Recently I met a lovely 75-year-old gentleman who retired several years ago. I will call him Tim.
As Tim and I talked about his life, I came to understand he had a very small social network. Tim’s day consisted of a lot of television watching and “some puttering around” with his tools.
While Tim did not say that he was lonely, he did say that he probably needed to do something besides watch TV but he really wasn’t motivated to do so.
I began to think there must be a lot of people like Tim in our community, lacking the benefits of a strong social network while at the same time feeling unmotivated or unsure of how to cultivate one, especially after retirement.
For the past decade , the United Kingdom has been studying this dynamic in older men and see it as a looming crisis. They found that many older men have low levels of contact with their family and friends, and older men are less likely to engage in projects aimed to tackle social isolation and loneliness.
They concluded that men approaching later life need to make a concerted effort to retain and build their social networks— including friends, family and interest groups.
In the 1990s in Australia, the Men’s Shed was created as a productive place for older men to get together, work on projects and make friends. There are now over 2,000 Men’s Sheds worldwide in 10 countries.
Members can choose activities that include building things for themselves and others, taking part in community service projects or other volunteer opportunities. Right now, there are 12 Men’s Sheds in the United States. There are none in California, but hopefully that will change.
If you are interested in starting one in our community, you can learn more at usmenssheds.org/what-is-mens-shed.
In the meantime, there are some local options where men can build social networks.
Service groups like Rotary and Kiwanis offer opportunities like community service, making new friends with a variety of interests, listening to speakers and engaging in social activities and business networking. These organizations are not male exclusive, and they require annual dues, but they do great work and help to build a strong social network among their members.
Active adult centers like Goebel Adult Community Center in Thousand Oaks, Simi Valley Senior Center and Agoura Hills Recreation and Event Center offer classes, special events, excursions and drop-in programs for senior adults. At Goebel, there are two men’s discussion groups: one meets from 10 a.m. to noon Tuesdays and the second from 2 to 4 p.m. Wednesdays (no meeting the fourth Wednesday of the month).
The Westlakers is a men’s only group limited to those who work or live within Westlake Village boundaries. Learn about them at www.westlakers.org.

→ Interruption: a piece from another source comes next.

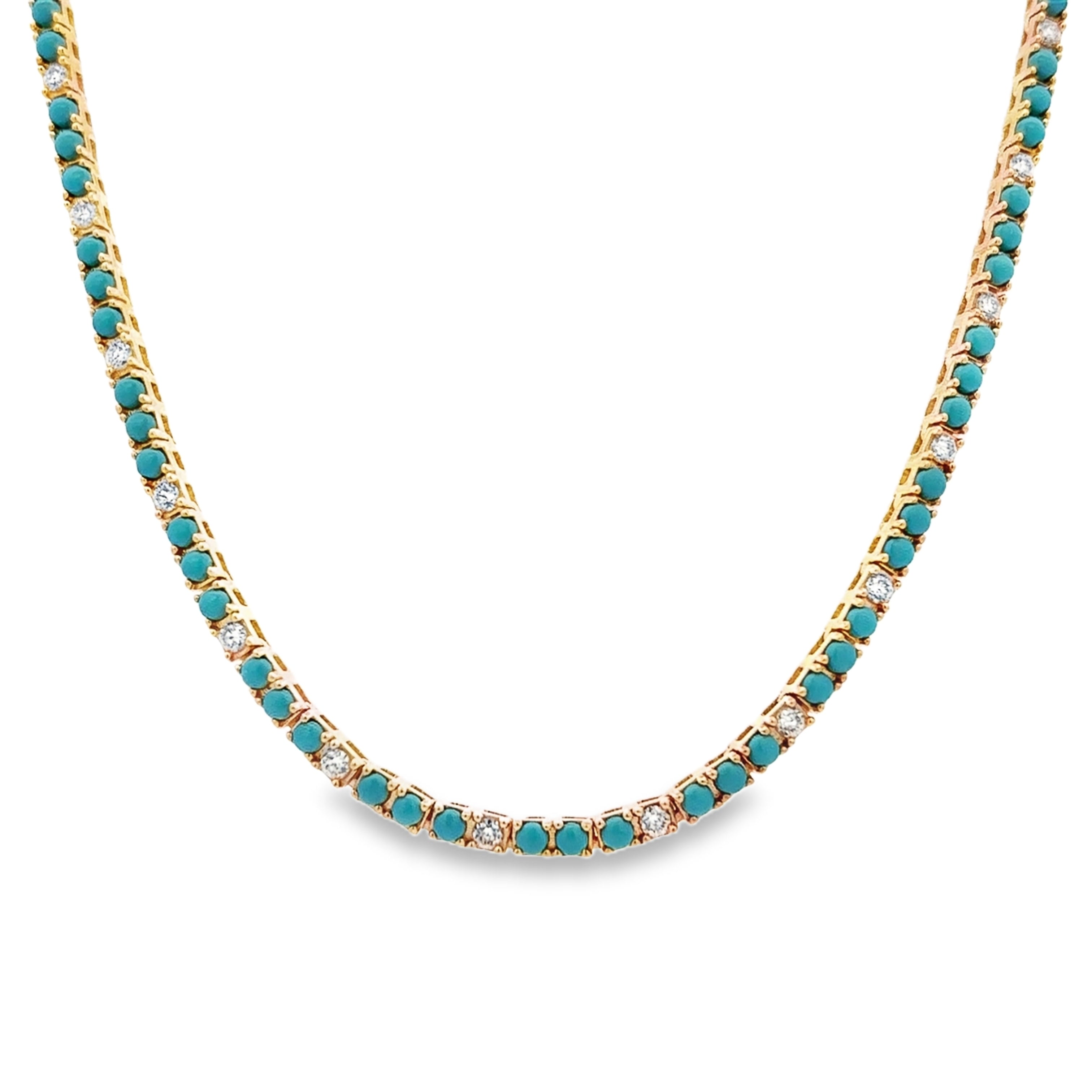 Turquoise and Diamond Tennis Necklace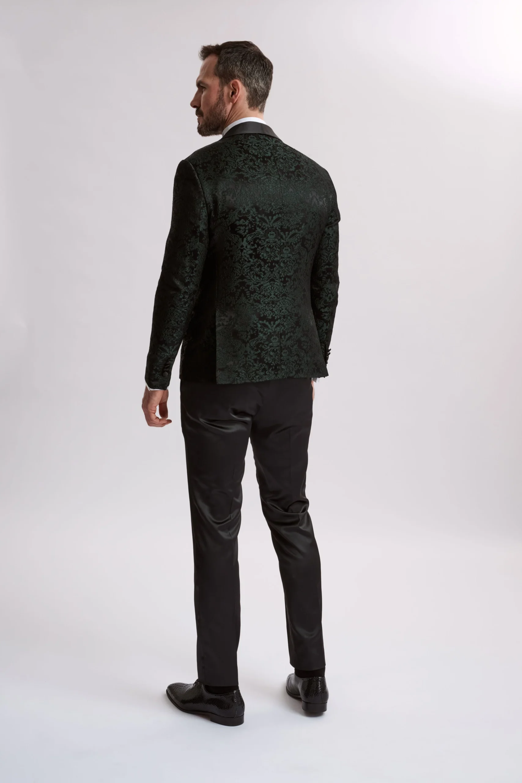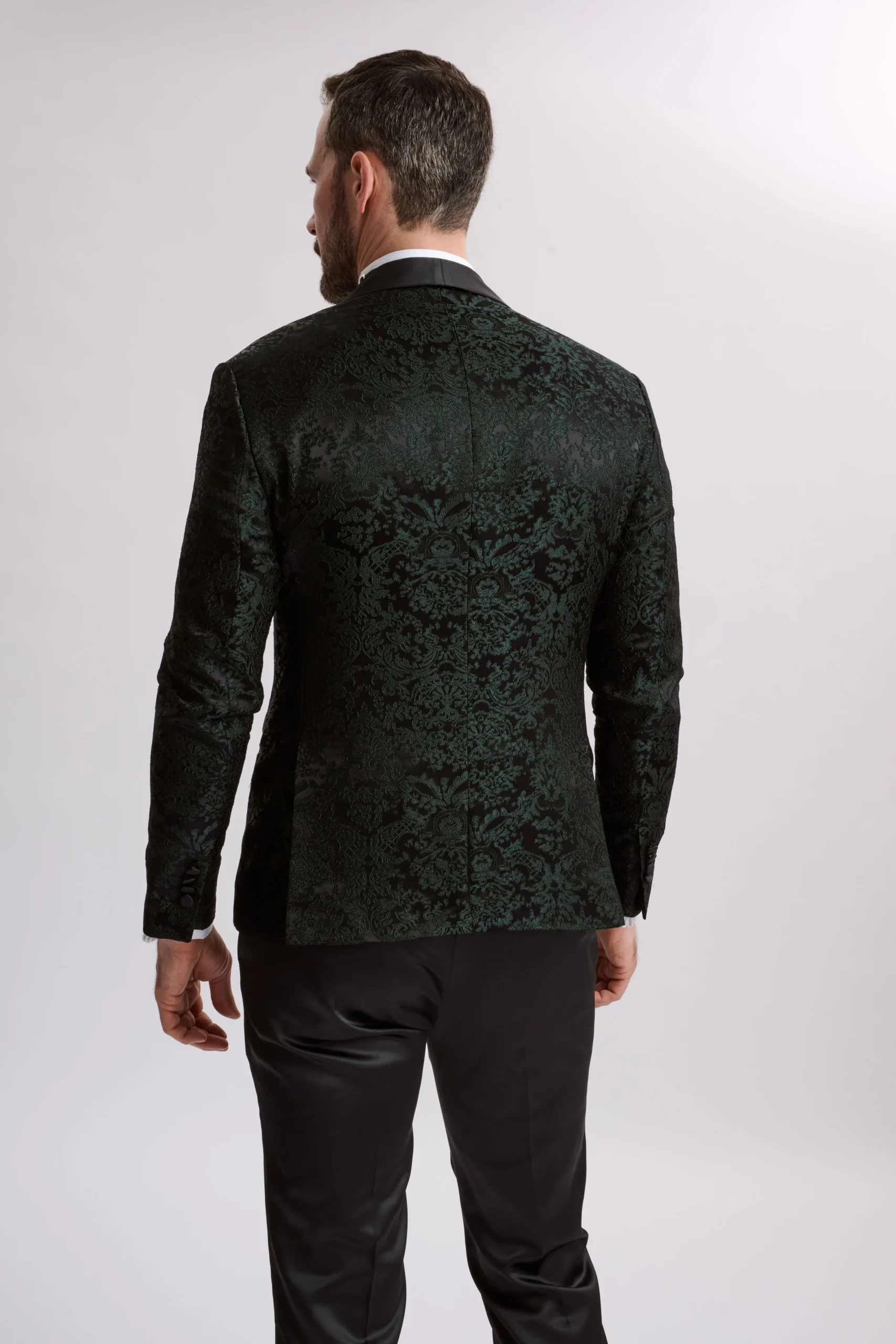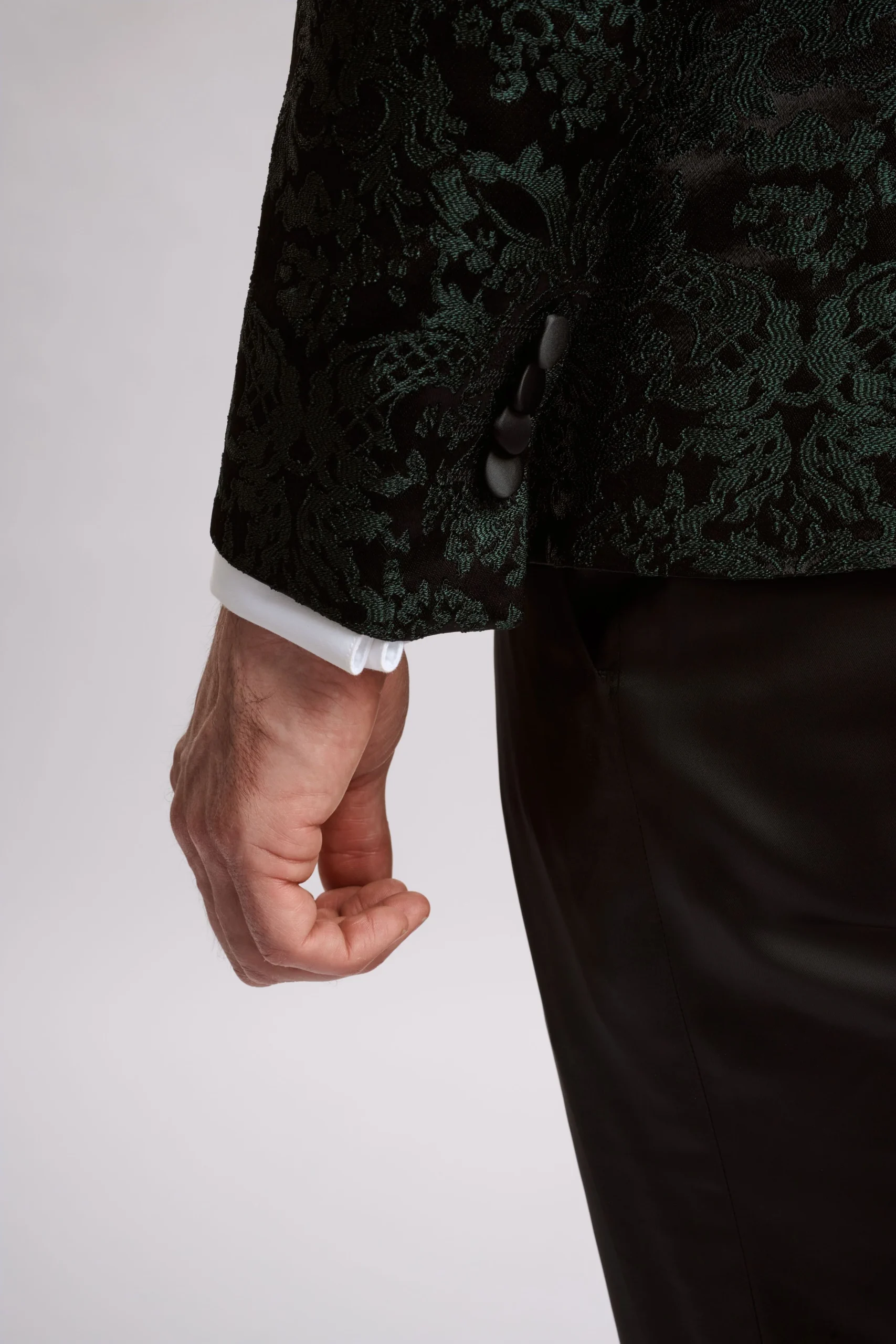 Elevate your presence. Make a statement. Experience the perfect harmony of tradition and contemporary luxury with this iconic olive brocade suit.

I see several smaller informal men’s groups meeting at coffee shops around the area.
Places of worship often have men’s groups that meet regularly. Special interest groups also exist in our community for those that enjoy golf, pickleball or classic cars, for example.

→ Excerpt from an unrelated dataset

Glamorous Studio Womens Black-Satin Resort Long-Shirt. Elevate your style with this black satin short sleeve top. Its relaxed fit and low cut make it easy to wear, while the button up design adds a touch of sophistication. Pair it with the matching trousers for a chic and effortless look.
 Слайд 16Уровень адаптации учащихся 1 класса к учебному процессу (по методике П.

And of course, if you are a gentleman interested in engaging in purposeful activities, Senior Concerns has a variety of volunteer opportunities to consider.

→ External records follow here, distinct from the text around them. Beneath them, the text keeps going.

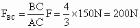 如图所示,在三角形支架B点用一个细绳挂一个重为150N的重物G.已知AB∶BC∶AC=5∶4∶3,求横梁BC和斜梁AB所受的力.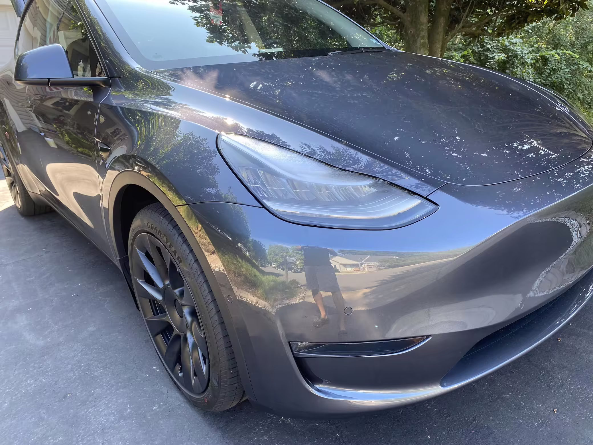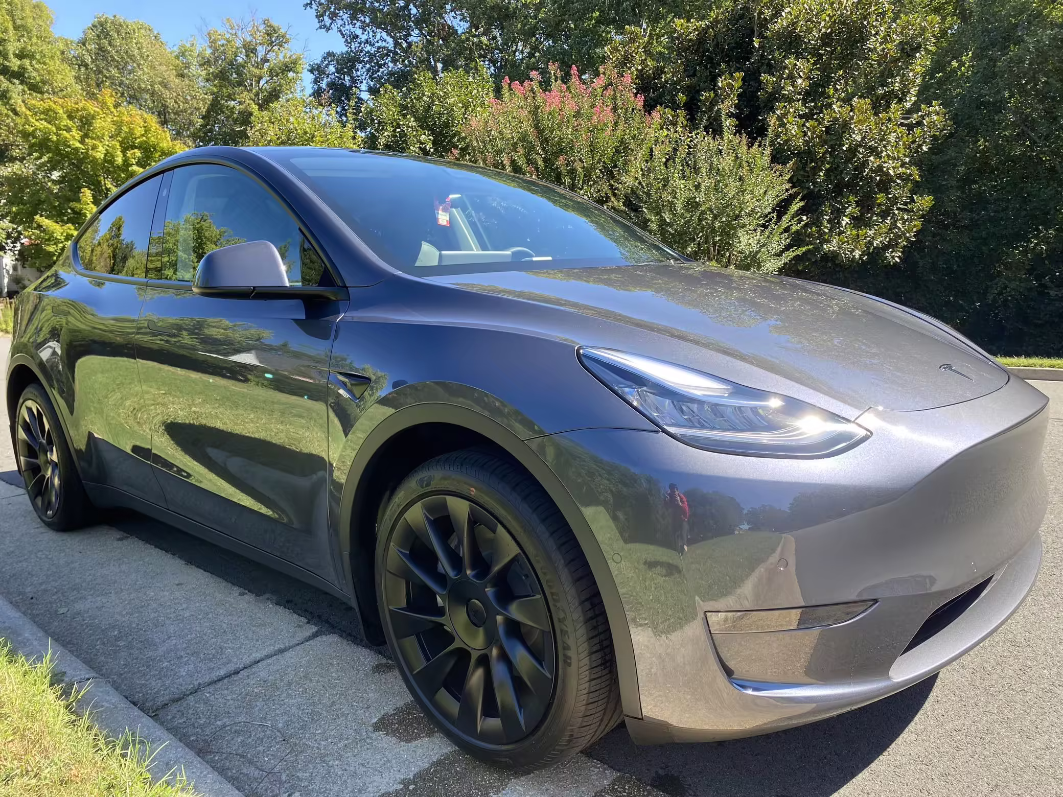 2022 Tesla Model Y Long Range AWD, finished in Midnight Silver Metallic with a black interior.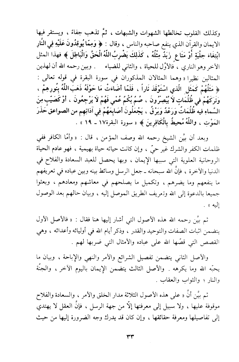 ثم بيّن رحمه الله هذه الأصول التي أشار إليها هنا فقال: " فالأصل الأول يتضمن إثبات الصفات والتوحيد والقدر، وذكر أيام الله في أوليائه وأعدائه، وهي القصص التي قصّها الله على عباده والأمثال التي ضربها لهم.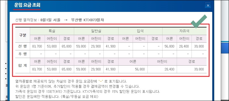 ▼운임표를 볼 수 있는 창이 나타났습니다. 해당 기차에 대하여 여러 상황에 따라 얼마의 운임이 발생하는지 확인이 가능한데요.  어른, 어린이, 노인에 따라 운임에서 조금씩 차이가 납니다.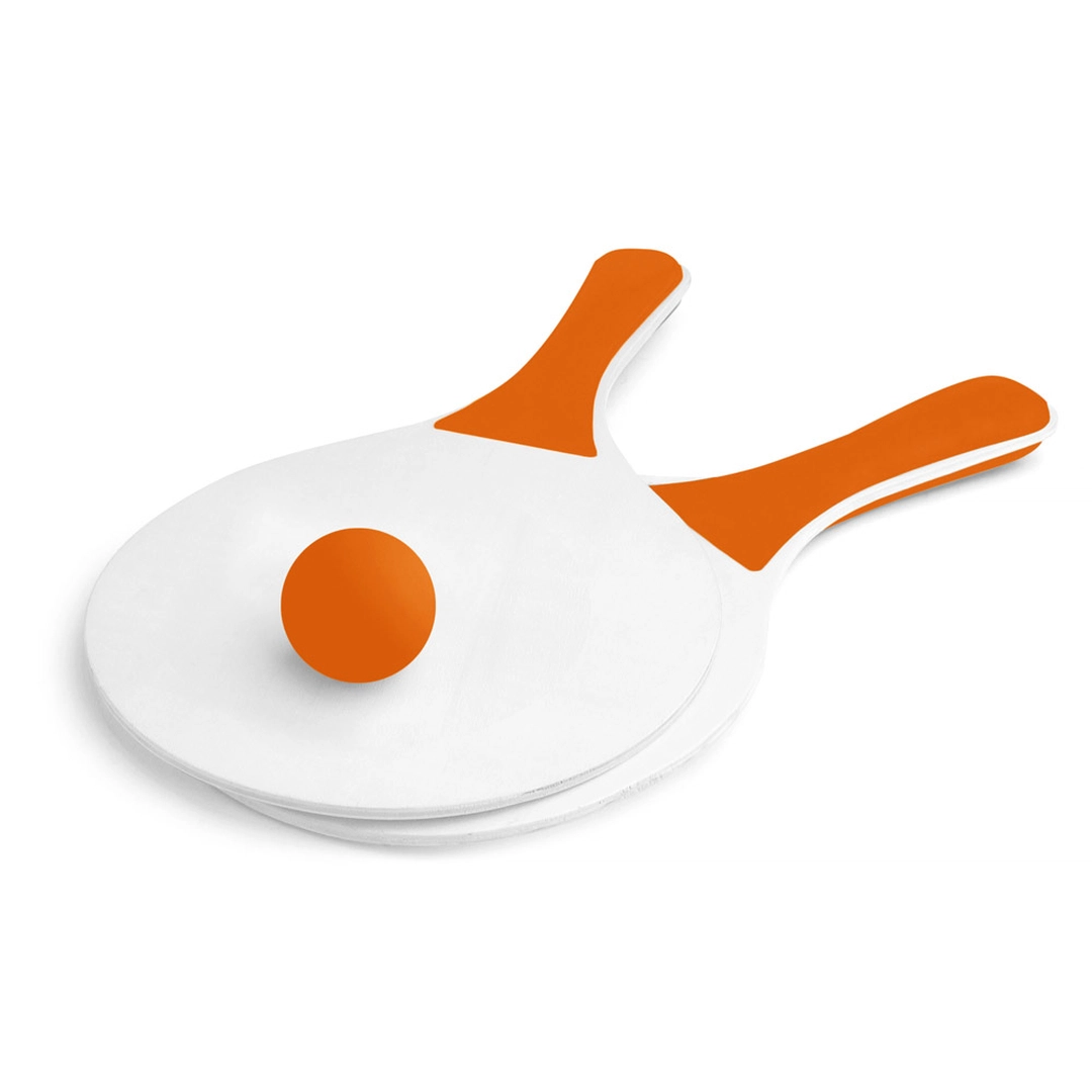 Raquettes de plage en MDF avec balle incluse. Poignées et boule colorées.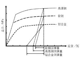回弹是铝板弯曲成形过程中普遍存在的现象,是卸载过程中内力重新分布引起的。一般铝板回弹要大于钢板的回弹,这主要是材料本身微观结构差异导致。图1是铝板、软钢和高强钢3种材料典型应力-应变曲线,从图1可以看出,同样的应变条件下卸载,铝板的回弹要比普通钢板大得多。

The challenge for those looking to join a group is that many are not advertised. And if a person is less motivated to build their social network, this is just one more obstacle in doing so.
According to the Centers for Disease Control and Prevention, “Although it’s hard to measure social isolation and loneliness precisely, there is strong evidence that many adults who are socially isolated or lonely put their health at risk. For example, social isolation was associated with about a 50% increased risk of dementia, a 29% increased risk of heart disease and a 32% increased risk of stroke.”
People generally are social by nature. Strong social relationships can help older men and women live longer, healthier and happier lives.
If you are retired man who is looking to connect with others, think about what a good fit for you might be, do some research and get involved.